Entrepreneurs in the cottage industries sought proper support from the government to help flourish in the sector, overcoming challenges created by the Covid-19 pandemic.
They were speaking on Tuesday at a national workshop titled 'From Challenges to Creativity and Innovation: Enhancing CMSME's Resilience in the Context of Covid-19' and prize-giving ceremony to the winners of Food Frontiers 2021.
National Association of Small and Cottage Industries of Bangladesh (NASCIB) and the Global Alliance for Improved Nutrition (GAIN) jointly organised the event at a city hotel.
NASCIB President Mirza Nurul Ghani Shovon chaired the programme while Jo Jacobsen, programme, policy advisor, nutrition, gender and M&E of World Food Programme, and Dr Rudaba Khondker, country director, GAIN Bangladesh were present as special guests.
Md Monjurul Hoque, the former chief faculty member of Small and Cottage Industries Training Institute (SCITI) of BSCIC, presented a PowerPoint on the issues.
According to the power point, about 25 per cent of the industries under the cottage, micro, small and medium enterprises (CMSME) sector were shut in the first five months of the Covid-19 pandemic.
It also showed that 60 per cent of industries incurred 75 losses in selling products, and 58 entrepreneurs lost capacity of investments because of the impact of the pandemic.
Around 34 per cent of entrepreneurs could not pay rents of their institutions, while 16 per cent failed to pay salaries of their staff. Besides, 29 per cent of institutions could provide 50 per cent of the dues of their staff.
The marketing of products was hampered as the income of the majority of people declined due to the prolonged coronavirus pandemic.
The production costs increased in many cases because of the higher prices of raw materials.

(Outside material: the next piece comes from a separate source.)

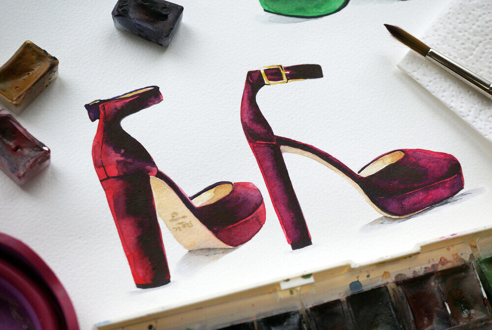 Художник Анна Михеева рассказывает и показывает, как рисовать бархатную обувь акварелью. Пошаговый матер-класс >>> Подготовка к работе Рисование акварелью, а особенно передача особенностей бархата, требует тренировки. Но зато какие эффектные получаются переходы цвета! Бархат можно нарисовать в один слой в технике «по-мокрому» — сразу вводя светлые и темные области. А можно сделать это и в два слоя: в таком случае гораздо проще контролировать растекание темных пятен, легко сберечь светлые области и не перетемнить. Это очень важно, ведь по сути бархат на рисунке — это контраст темного и светлого с добавлением фактурных особенностей. Я предлагаю потренироваться рисовать бархат «в два слоя»: сначала пройдемся светлым, а потом, когда он полностью высохнет, темным сверху — и там поработаем с фактурой при помощи бумажной салфетки. На рисунке карандашом я подробно останавливаться не буду. Если туфли покажутся вам сложными объектами, попробуйте начать с самых простых бархатных сумочек прямоугол

For these reasons, local products fail to compete with the imported ones, it said.
Entrepreneurs also faced complexities in receiving funds from stimulus packages that were provided for Covid-19 impacted sectors. They also said small and cottage food industries faced challenges due to the restriction on movements of customers during the period.
They also identified problems like the unavailability of technologies in the food sector. They suggested providing one-stop services and simplifying the process of registration and rationalising tax and tariff systems.
However, three business institutions have been awarded in different categories in the programme.
Ghost Kitchen Bangladesh won first prize of US$ 9,000 for improving the production efficiency of restaurants and commercial kitchens.
The first-ever nutrition-dense raw cashew nut processing solution to ensure nutrition for local and global markets, Green Grain won the second prize of US$ 6,700.
With the technological solution to understand the soil and market scientifically to ensure fair price for the farmers, iPAGE won the third prize of US$ 4,300 under the infrastructural grant support category.